Bran’s ass bobs up and down a few more times and beyond him, I hear Avery moan. It pisses me off even more when it comes out sounding completely forced. I know her well enough to know what she sounds like when she’s faking it. She’s fucked nearly every football player on the team in one way or another and then dished the details to me for years, telling me all the ways they either rocked or sucked in bed and how to get through it, a girl has to sometimes just … fake an orgasm so they’ll finish and be done.
The only player left is—or rather was—Brandon. My boyfriend. My ex- boyfriend.
Bran doesn’t even seem to notice the high-pitched falsetto of her moan. He pumps his hips harder, cursing as he gets closer to climax. Neither one of them even realizes I’m here, standing in the doorway with my eighteenth birthday party still going hard behind me—a party they threw.
Lights flash. Music thumps. People pass by in the hall. It’d been a surprise party, and well, I suppose it's now a double whammy of fucking surprises. Literally .
Grayson Rowe stops behind me, the drink in his hand sloshing over the rim of a crystal glass—no red solo cups for the elite soon-to-be senior class of Silverwood Prep. He gapes into the room that I just walked into. Without thinking, I snatch the glass from his grip and tip it back, downing the mixture of rum and something carbonated fast, half-hoping that if I’m drunk enough this whole scene will change.
It doesn’t.
“Holy shit!” Grayson yells. “Is that?—”
“Move.” I cut him off, shoving the now empty crystal glass against his chest as more people stop to see what all the drama is about.
“Oh, my God!” Avery’s shriek fills my ears, but I’m already halfway down the hall.
Anger burns in my gut, churning around and around as bile builds up in my throat. I move quickly into the living room of Avery’s parents’ lake house where half of Silverwood Prep is currently grinding to the music blaring from the surround sound speakers.
“Hey, birthday girl!”
“Happy birthday, Jules!”
“Yo, Juliet!”
Feeling like I’m walking through another one of my nightmares, I ignore those calling out for me and make a beeline straight for the hallway between the kitchen and the four-car garage. Hardly anyone knows about the bathroom back there and it’ll give me a chance to calm down and think rationally.

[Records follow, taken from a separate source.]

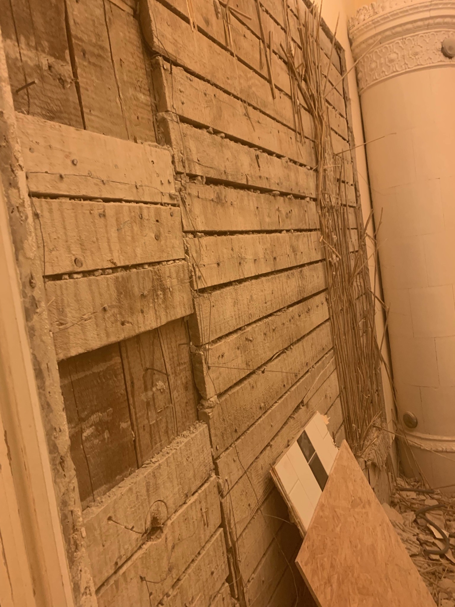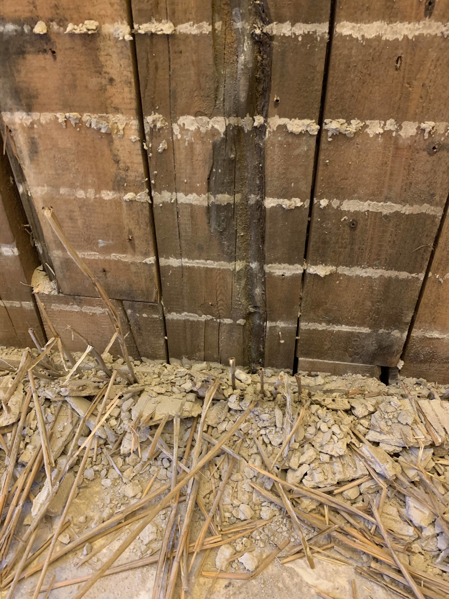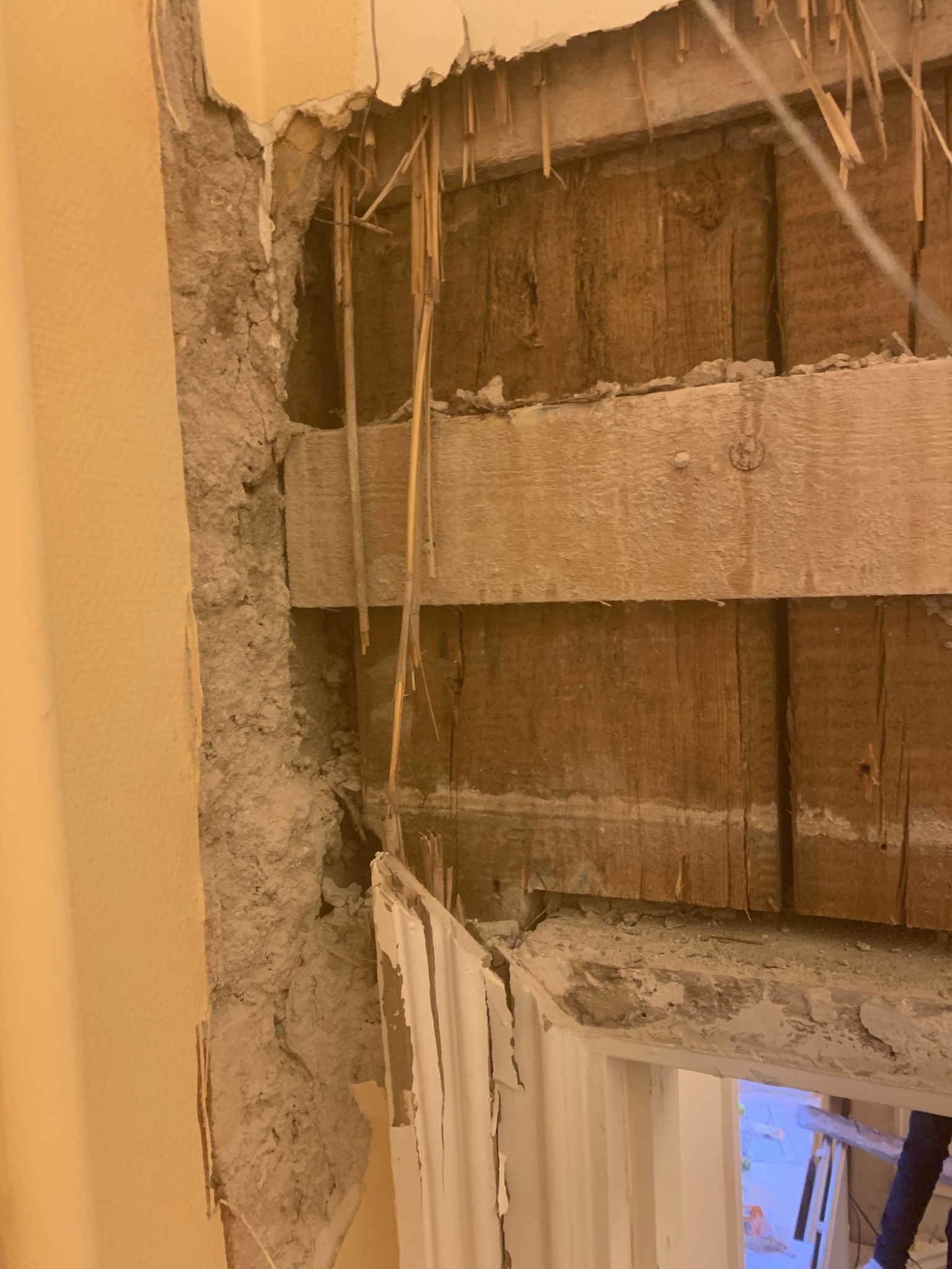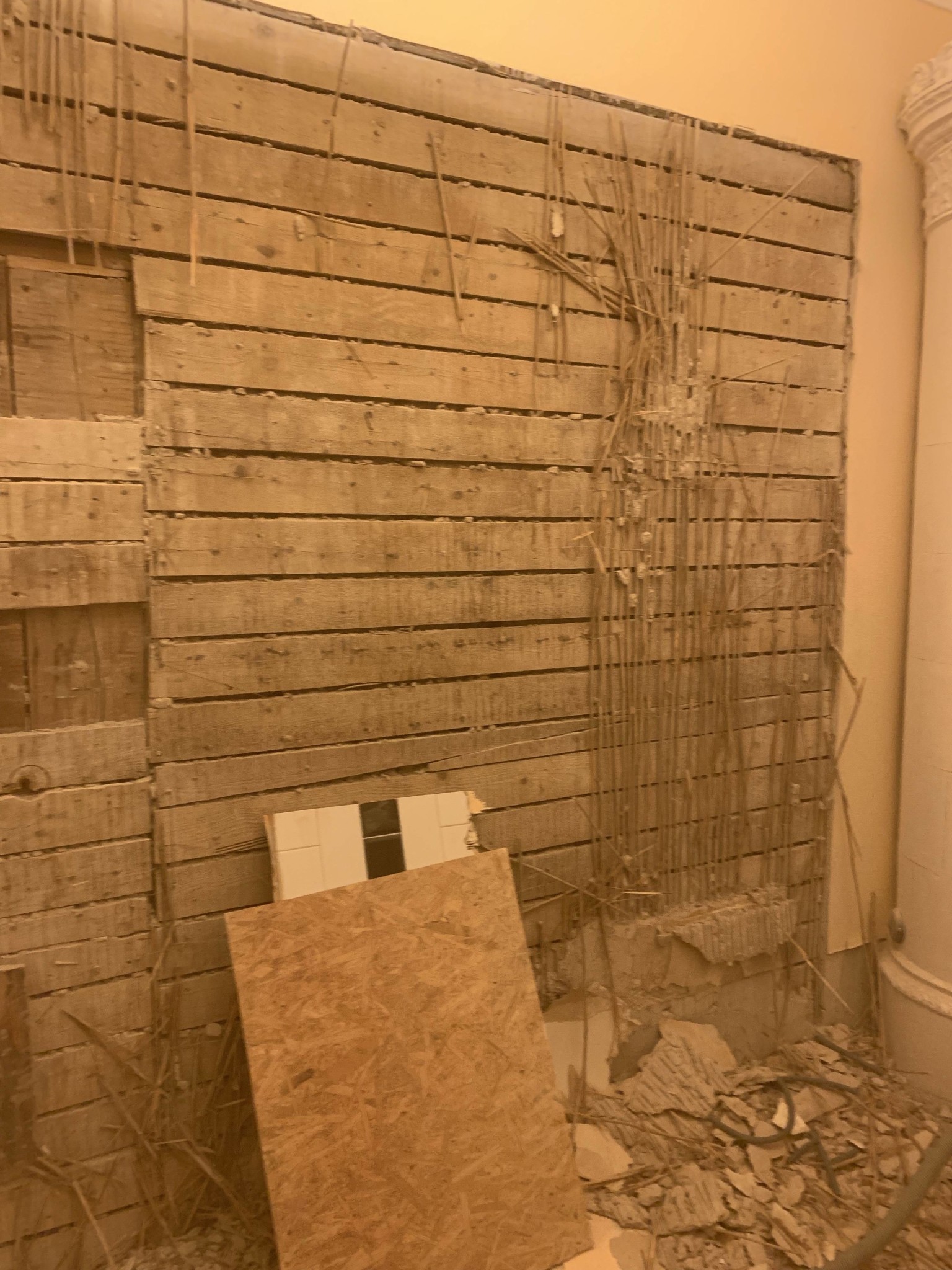 • Söndertagen gipsvägg som avslöjar trästommar och splittrad gips och isolering på golvet.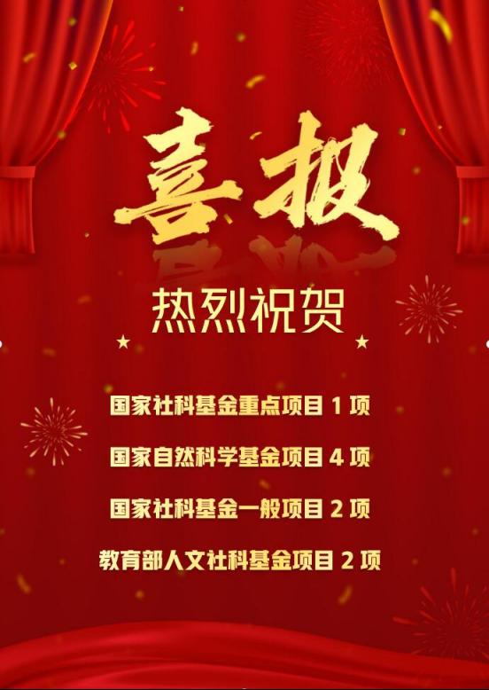 2023年度国家、教育部各类基金项目委员会已相继公布项目申报评审结果,伟德国际bevictor共获得9项资助,其中国家社科基金重点项目1项,国家自然科学基金项目4项(其中面上3项),国家社科基金一般项目2项,教育部人文社科基金项目2项。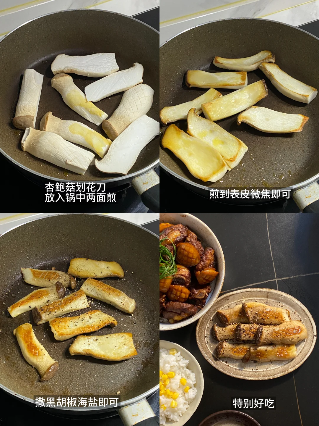 1)杏鲍菇划花刀,放锅中煎到两面焦黄即可,盛出撒黑胡椒海盐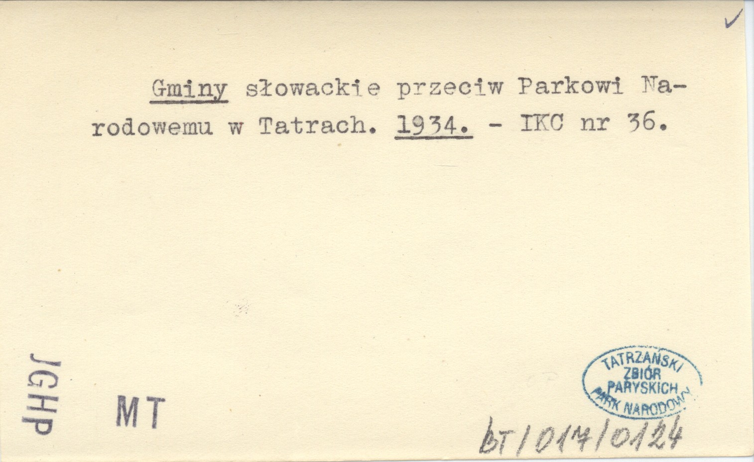 Gminy słowackie przeciw Parkowi Narodowemu w Tatrach. 1934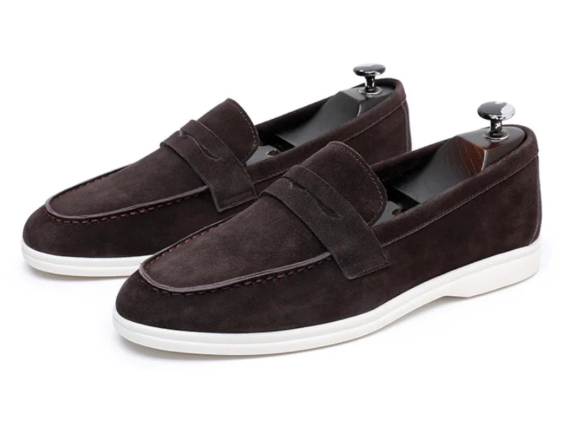 Effortless sophistication meets everyday comfort in this genuine suede leather slip-on loafer. The soft, luxurious suede upper glides on without laces, while the streamlined silhouette works seamlessly from office to weekend. Premium craftsmanship and a refined design make this a versatile essential that elevates any wardrobe with understated elegance.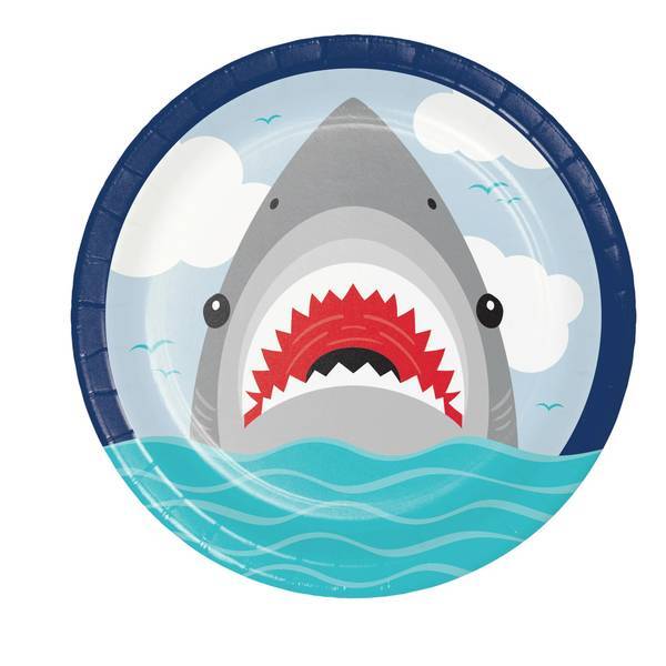 These paper shark plates provide practicality without sacrificing decorative appeal for your table setting.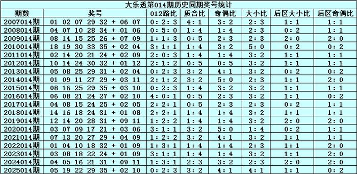 体彩大乐透第2026014期历史同期开奖号码分析:

I slam into the semi-secret bathroom and quickly shut and lock the door behind me. My heart pounds against my chest, beating against my ribcage to the nearly same rhythmic thumping of the music on the other side of the door. My head pounds in time with the music and my pulse, a consistent maddening beat. My hands curl into fists at my sides, nails digging into my palm until pain spears through me and I have to force them to relax.
My hip hits the bathroom counter which runs the length of the wall, jerking me to a stop. I slap my palms against the rim of the porcelain surface and latch on with my fingers, clamping down on either side of the sink as I look up. Dark winged eyeliner. The perfect contour to both highlight my best features and hide my flaws. I turn my head from side to side and watch the reflection follow the movement, hoping to catch a hint that this is a dream. No such luck. Every movement is exact. Yet still, the woman in the mirror doesn’t feel like me.
The phone I stuck between my bra and breast earlier in the evening lights up, illuminating a patch of my skin in the reflection. I take it out and seeing the face above the name that pops up in the center of the screen makes me want to throw the damn thing. I am living in a nightmare, only this one is real and no amount of drugs or therapy can make it end. I slam my phone down on the counter and stare at Avery’s laughing squinty face and name until the phone stops ringing. It feels like an eternity.
A moment passes and then it starts up again. To my surprise, it’s not Avery again. This time, it’s my mom. No way in hell am I answering her call. The phone goes black and then trills a third time as another call comes through. My dad’s name and face come across the screen. I’m not stupid. My dad never calls. It’s Mom.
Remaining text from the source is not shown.